£50m boost for gene therapy

A £50 million plan for the NHS to exploit future advances in genetic science was unveiled today by the Government.

Health Secretary John Reid presented to Parliament a new White Paper on the potential use of genetics by the NHS.

He set out plans to invest £50 million over three years to increase the capacity of genetic laboratories and to find ways to incorporate new advances into everyday health care.
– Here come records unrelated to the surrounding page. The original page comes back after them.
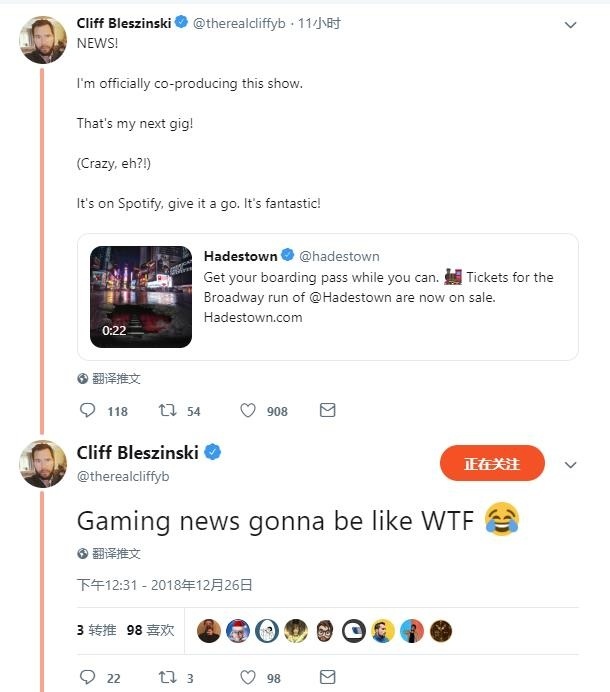 Cliff Bleszinski 在他的推特上宣布,将参与百老汇歌剧《Hadestown》的联合制作。同时,他也十分明白这条消息对于各大游戏媒体来说,都是一条“WTF”的存在。游戏制作人的跨界合作并不少见,但这么“文艺”的还真不多。Cliff 也自己解释到,他一直很喜欢歌剧,这也是圆了他的一个梦。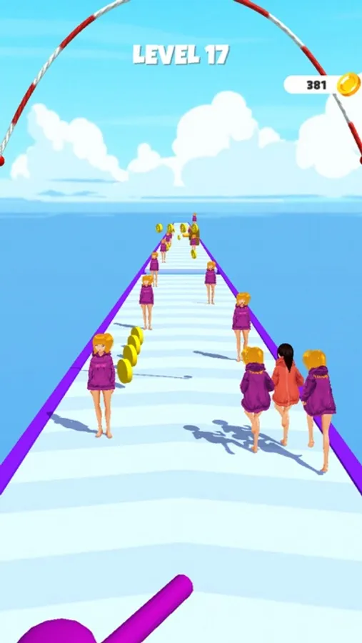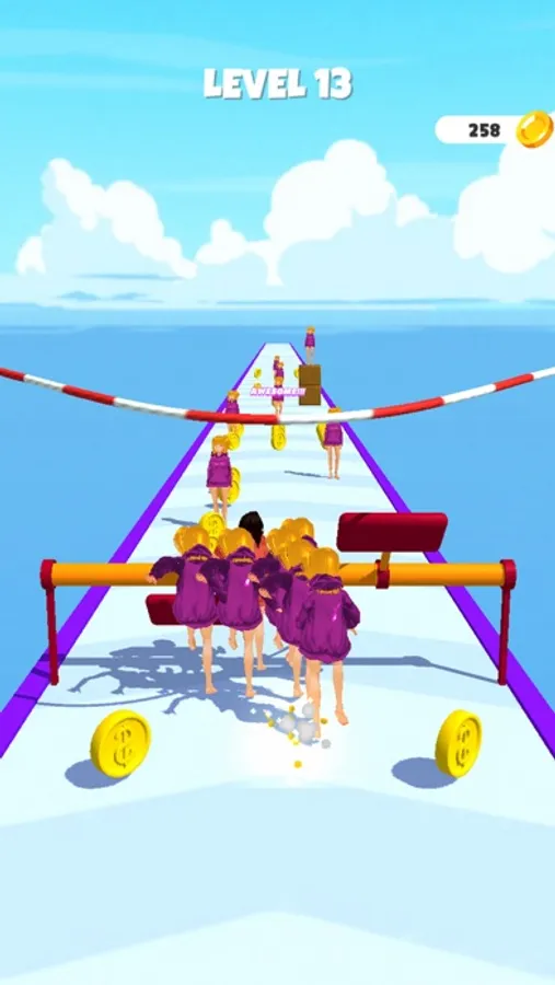 Gather as many friends as you can. You can only get rid of the obstacles and the constantly spinning rope by jumping. The more people you collect, the more points you get at the end of the level. Be careful not to trip over the rope and avoid obstacles, or you may suddenly be alone.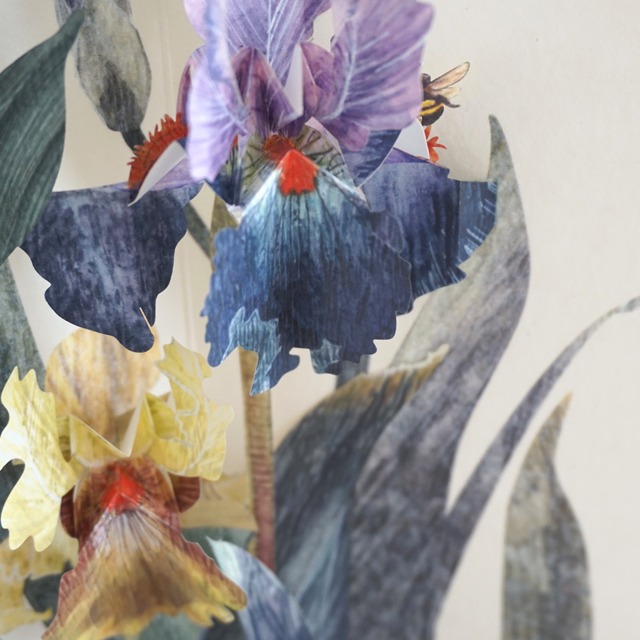 H:155mm × W:100mm(見開き155×200) ーーーーーーーーーーーーーーーーーーーーー 私にとって特別な日。 それは2013年の8月8日。 誰よりも尊敬するイギリスのペーパーエンジニア、 Keith Moseley氏にお会いできた日です。 この型紙は あの日Keith氏のお家の庭に咲いていた ジャーマンアイリスがモチーフで、 実際にKeith氏に型紙を見せ添削してもらった 唯一の型紙の縮小版です。 この花を見ると私は、 Keith氏と対面した時に全身で感じた あの初めての類の気持ちや 設計の美学や未知の仕掛けを教わった時のこと、 そしてその時同時にお会いできた 100歳のお誕生日を迎えられたばかりの女性から こっそり人生の秘訣を教わった時の事を思い出して びゅんとあの異次元な時空間に戻ります。 組み立てでは 手にしてくれた方がそのままで既に咲いていることを ちゃんと思い出せますようにという気持ちを 私なりに込めています。 そのままで飾っても、大切な方へメッセージを書いて贈っても。 薄灰色の封筒をお付けしています。 Hiromi Takeda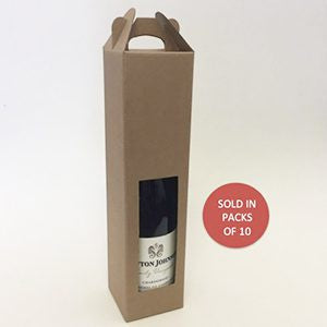 Kraft Single Bottle Wine Box With Handle (Pack of 10)

He said the Human Genetics Commission would be asked to consider the idea of screening babies at birth and storing their genetic profile for future use.

The Government also plans to introduce new laws to make it an offence to test a person's DNA without their consent.

And it will ask experts to consider whether people could be unfairly discriminated against because of their genetic make-up and how to tackle this problem.

Mr Reid said in the future, the NHS would be able to predict and prevent ill health based on someone's genes.

Gene therapy offers hope to people with inherited conditions such as cystic fibrosis and works by replacing "defective" genes with healthy copies.

Genetic science would also lead to better use of existing drugs and the development of new therapies, he said. It could also lead to new treatments for common conditions such as cancer and coronary heart disease.

Mr Reid told the House of Commons: "We are standing on the threshold of a revolution in healthcare. By working together, by building on our strengths, by making the necessary investment and careful preparations now, I believe that genetics can deliver real and lasting benefits in health and healthcare for all of us."

But some experts have warned that as genetic testing becomes more widespread, it could lead to a 'genetic underclass'.

They fear that it could be used by insurers and employers to discriminate against those likely to fall ill.

The new investment will fund 50 new genetic counselling posts over five years. It will also fund up to 90 new trainee posts in laboratory genetics and 10 full-time trainer jobs.

Sir George Radda, chief executive of the Medical Research Council, said: "Genetic research has opened up the possibility of faster and more accurate diagnosis, and improved prediction of a person's risk of developing a disease, as well as new treatments.

"However there continues to be a pressing need for further research in areas such as gene therapy if these possibilities are to be realised."

Shadow health secretary Liam Fox welcomed the expansion of genetic services and said the Tories backed many of the specific proposals, such as those on DNA theft.

But he warned: "We mustn't overhype what genetics can do, especially in the short and medium terms. The technologies are emerging, in a very early stage, and the full potential is not yet known."